I belong to Jupiter, an alien from mars.
I don’t belong in noisy places, crowded fairs, nor bars.
The church is filled with congregation, a massive blob of one.
And I of one, a massive blob, of gelatinous juice from space.
I eat and eat as I wish, I do not say my grace.
And the jobs are filled with workers, just as miserable as me, but work I shall not do. It feels just so monotonous, like that monkey at the zoo.
I’m rather like a monster, a nasty CEO, but they dress too proper, with ties and button up shirts. For these things I have no neck. The money charts I would wreck. I have no wrists for a fat gold watch, or a chest to hang some tweed. I do not have a formal head, for hat, nor an ankle for a shoe. To run real fast in football or a bank for money to save.
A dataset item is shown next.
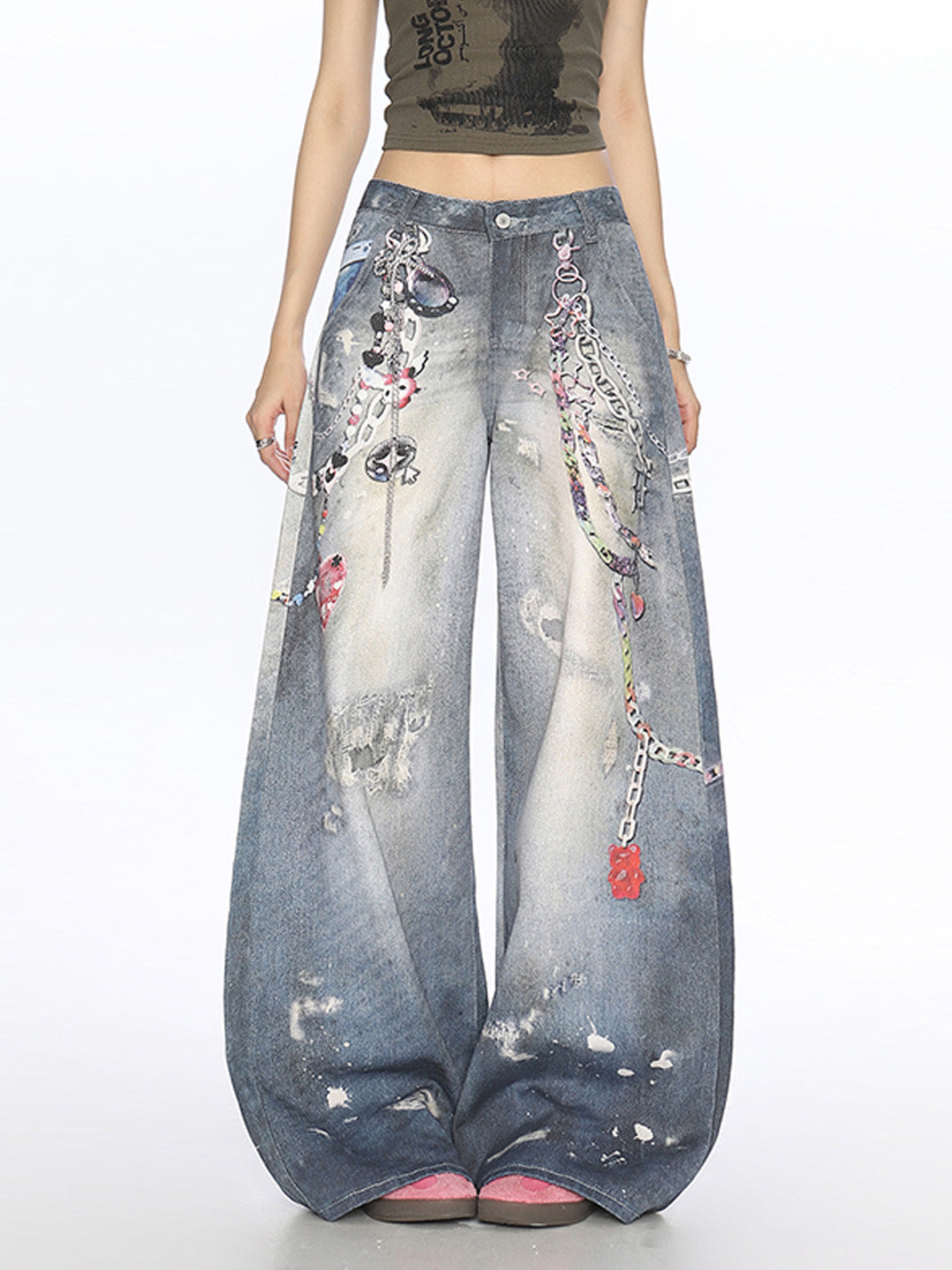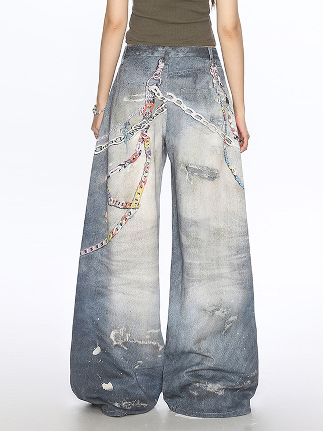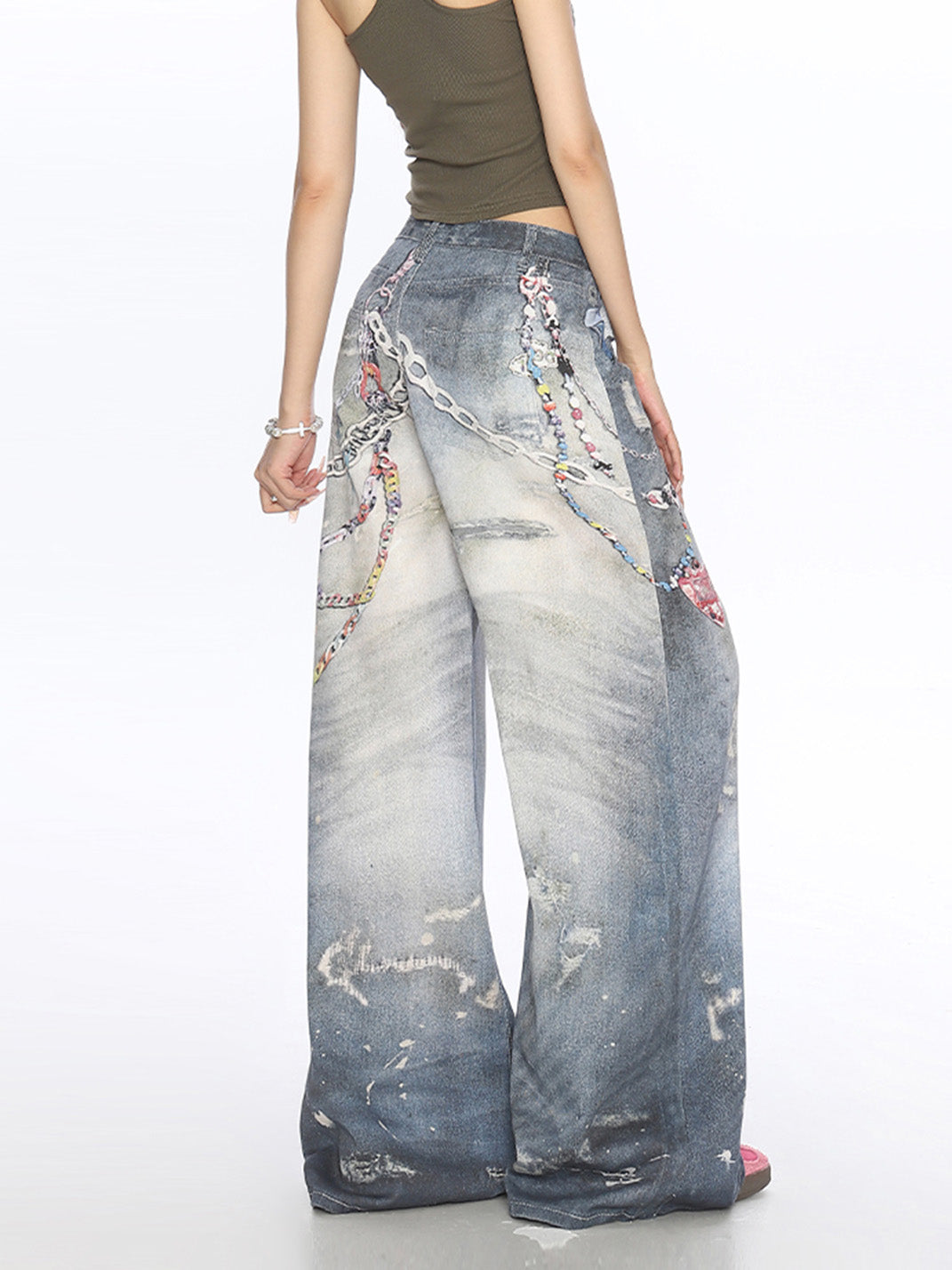 BIGGOLD | Graffiti Chain Print Wide Leg Jeans saltar al contenido

For have I not no bones at all? No casket for a grave?
Certainly not for I am flab from tip to toe, but I do not have no feet. My butt it's made of rubber, and you’d scream if we were to meet. I fibble and fabble night and day and my lips are sealed with glue. My brain feels like a can of soup, I have no center for which to droop. My silly willy is as nilly as pie, and of this loss I cannot deny. Some call me ridiculous but I prefer nebulous, so of this wheel round out for less. As to settle is too simple, and I’d rather pop a pimple, then play the game your way.
So strangers do not see me, for the me that is in them, and famous people whizz on by me like the wind. The cute ones and the ugly ones all pass me by like the clouds. I see them all but none not me, these silly earthly gems.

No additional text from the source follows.